** ABOUT THIS TASK **
An exact reproduction is required of the lines from the beginning of the entries through the line with "欧洲铝冶炼厂因电价上涨而准备", pictures excluded and nothing added.
*** DATASET EXCERPTS ***
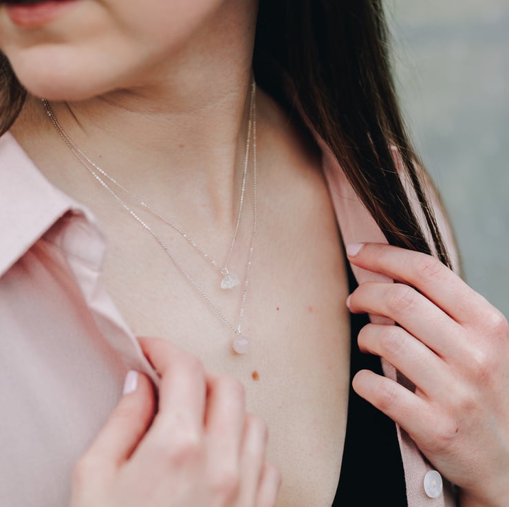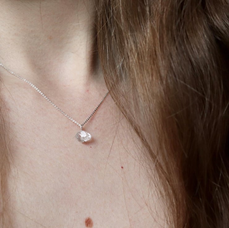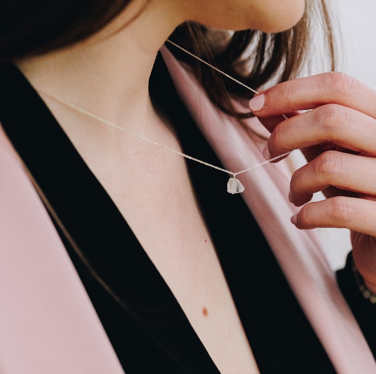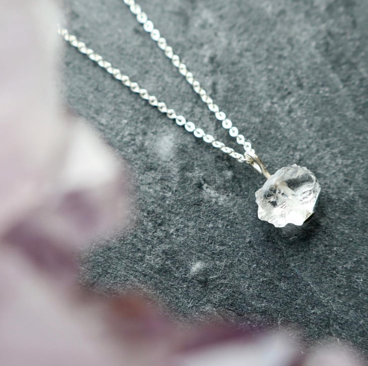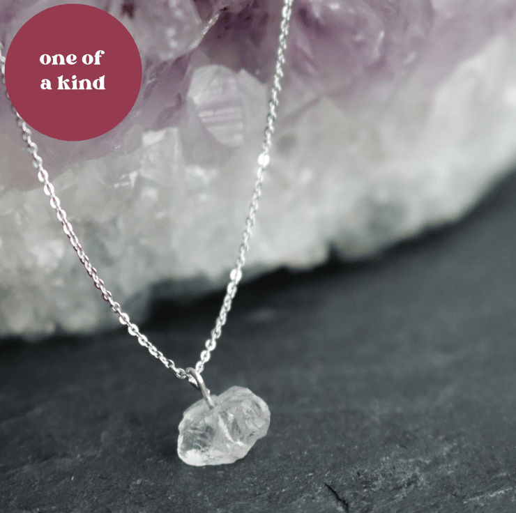 Delicate sterling silver necklace featuring a beautiful raw, unpolished Clear Quartz crystal. All crystals used in my collections are genuine, of high quality, and are ethically and sustainably sourced.
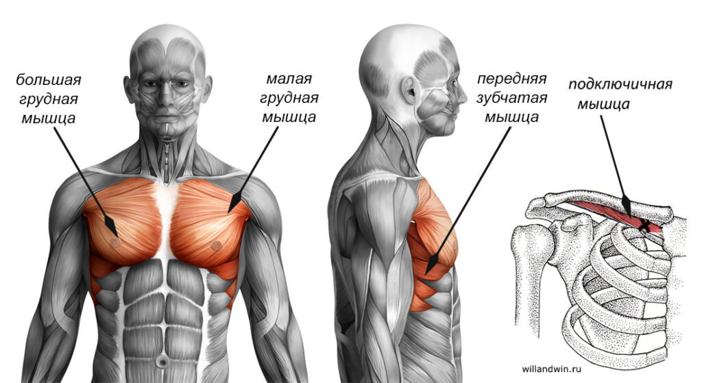 Движемся сверху вниз, на очереди грудные мышцы. Не буду долго тянуть, поехали разбираться… Горизонтальный жим лежа (штанга) Ширина хвата подбирается индивидуально, главное, чтобы в локтевом суставе не образовывался острый угол, то есть запястье должно располагаться над локтем, когда штанга находится в самом нижнем положении.
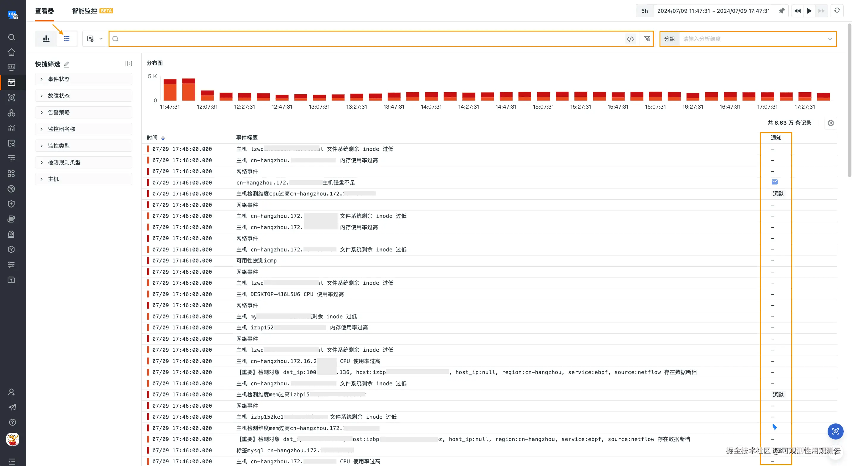 事件列表查看器:显示列新增告警通知状态标识。
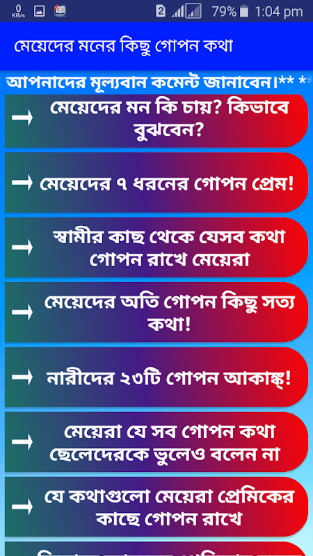 মেয়েদের অজানা কিছু গোপন কথা আমাদের অ্যাপটির মাধ্যমে আপনারা জানতে পারবেন। আপনার স্ত্রী কিংবা প্রেমিকার মনের কথা জানতে হলে আজই আমাদের অ্যাপটি ডাউনলোড করুন।
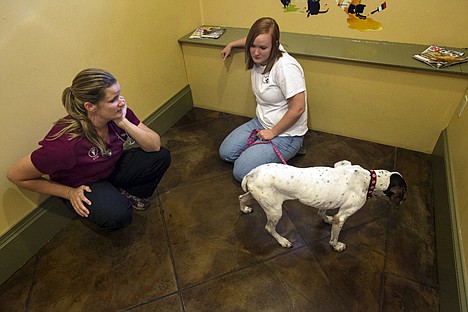 Jolley brought the dog, Hope, to visit the veterinarian, Dr. Amoreena Sijan at Lake City Pet Hospital in Coeur d'Alene, on Friday.
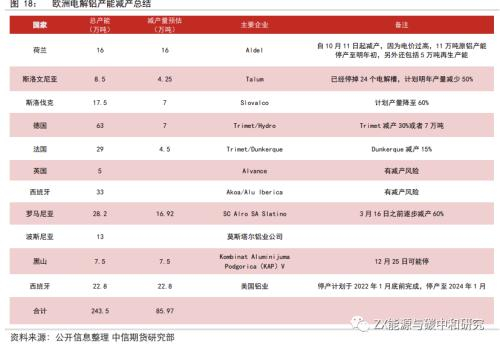 欧洲铝冶炼厂因电价上涨而准备减产的产能已经超过80万吨。根据IAI,欧洲电解铝总产能占全球总产能11%,除中国外占海外铝冶炼产能26%。根据CRU, 2021年Q4,欧洲有接近240万吨铝冶炼厂的电力来源是天然气。为了应对电价飙升,近期法国敦刻尔克铝厂减产将达到15%,此前其已经减产10%,叠加前期减产的产能,已有超过80万吨电解铝产能宣布将要减产,对电解铝供应冲击不容忽视。
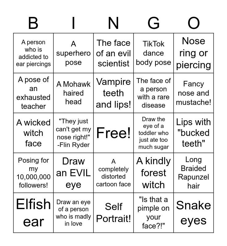 This bingo card has a free space and 24 words: Draw an EVIL eye, Draw an eye of a person who is madly in love, Vampire teeth and lips!, Elfish ear, Nose ring or piercing, A person who is addicted to ear piercings, A pose of an exhausted teacher, A superhero pose, Draw the eye of a toddler who just ate too much sugar, A completely distorted cartoon face, The face of a person with a rare disease, A wicked witch face, A kindly forest witch, Long Braided Rapunzel hair, A Mohawk haired head, "Is that a pimple on your face?!", Lips with "bucked teeth", The face of an evil scientist, Fancy nose and mustache!, "They just can't get my nose right!" -Flin Ryder, Snake eyes, Posing for my 10,000,000 followers!, TikTok dance body pose and Self Portrait!.
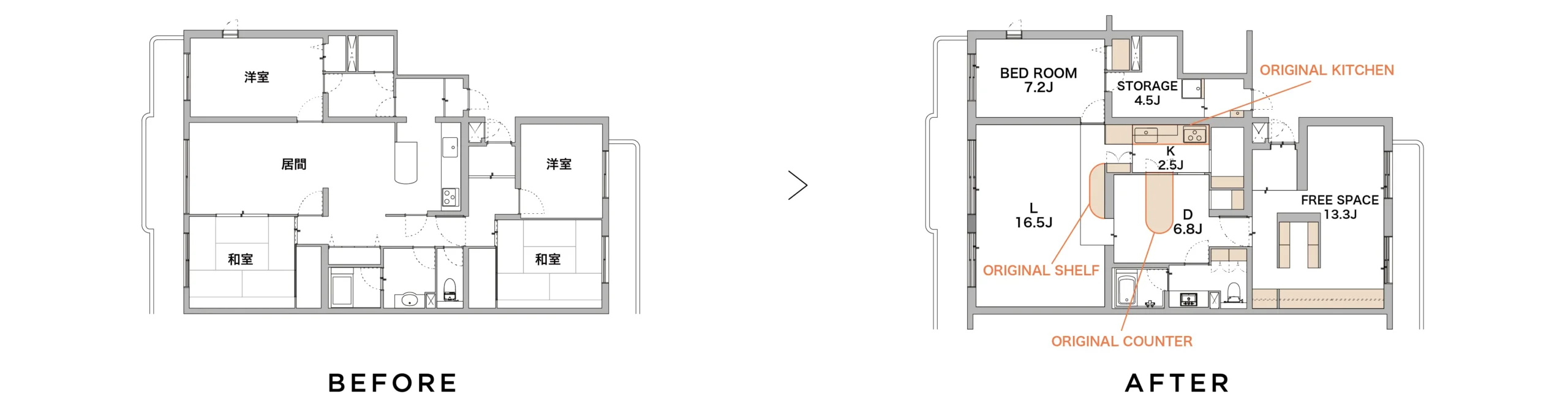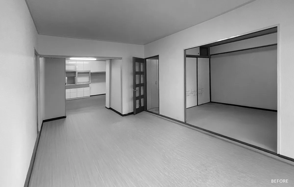 所在地 神奈川県茅ヶ崎市 間取り 1LDK+FS 築年数(完工時) 1982年2月(築42年) 広さ 105.39㎡ 家族構成 DINKS リノベーション工事費 2,970万円 竣工年月 2025年8月 建物種別 マンションリノベーション -
*** End of DATASET EXCERPTS ***
** EXPECTED ANSWER **
 Delicate sterling silver necklace featuring a beautiful raw, unpolished Clear Quartz crystal. All crystals used in my collections are genuine, of high quality, and are ethically and sustainably sourced.
 Движемся сверху вниз, на очереди грудные мышцы. Не буду долго тянуть, поехали разбираться… Горизонтальный жим лежа (штанга) Ширина хвата подбирается индивидуально, главное, чтобы в локтевом суставе не образовывался острый угол, то есть запястье должно располагаться над локтем, когда штанга находится в самом нижнем положении.
 事件列表查看器:显示列新增告警通知状态标识。
 মেয়েদের অজানা কিছু গোপন কথা আমাদের অ্যাপটির মাধ্যমে আপনারা জানতে পারবেন। আপনার স্ত্রী কিংবা প্রেমিকার মনের কথা জানতে হলে আজই আমাদের অ্যাপটি ডাউনলোড করুন।
 Jolley brought the dog, Hope, to visit the veterinarian, Dr. Amoreena Sijan at Lake City Pet Hospital in Coeur d'Alene, on Friday.
 欧洲铝冶炼厂因电价上涨而准备减产的产能已经超过80万吨。根据IAI,欧洲电解铝总产能占全球总产能11%,除中国外占海外铝冶炼产能26%。根据CRU, 2021年Q4,欧洲有接近240万吨铝冶炼厂的电力来源是天然气。为了应对电价飙升,近期法国敦刻尔克铝厂减产将达到15%,此前其已经减产10%,叠加前期减产的产能,已有超过80万吨电解铝产能宣布将要减产,对电解铝供应冲击不容忽视。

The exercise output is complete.